The call of `chopBothSides(front, 3);` would change the list to store the following elements:

`{40, 50, 60, 70, 80}`

If we followed this by a second call of `chopBothSides(front, 1);`, the list would store the following elements:

`{50, 60, 70}`

If the list is not large enough to remove k elements from each side, do not modify the list and throw an integer exception. If the list contains exactly 2k elements, it should become empty as a result of the call. If k is 0 or negative, the list should remain unchanged.
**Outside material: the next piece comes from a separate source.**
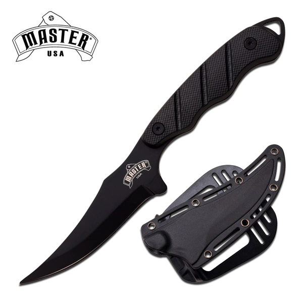 Faca lâmina lisa preta com bainha em nylon rigido. Tamanho total: 22,9 cm. Tamanho da lâmina: 11,4 cm. Material da lâmina: Aço inox.

Do not leak memory; if you remove any nodes from the list, free their associated memory.

Constraints:

• Your code should run in no worse than O(N) time, where N is the length of the list. (You may make more than one pass over the list, but the number of passes you make can't grow as k or N grow.)
• Do not use any auxiliary data structures such as arrays, vectors, queues, strings, maps, sets, etc.
• Do not modify the data field of any nodes; you must solve the problem by changing the links between nodes.
• You may not construct new `ListNode` objects, though you may create as many `ListNode*` pointers as you like.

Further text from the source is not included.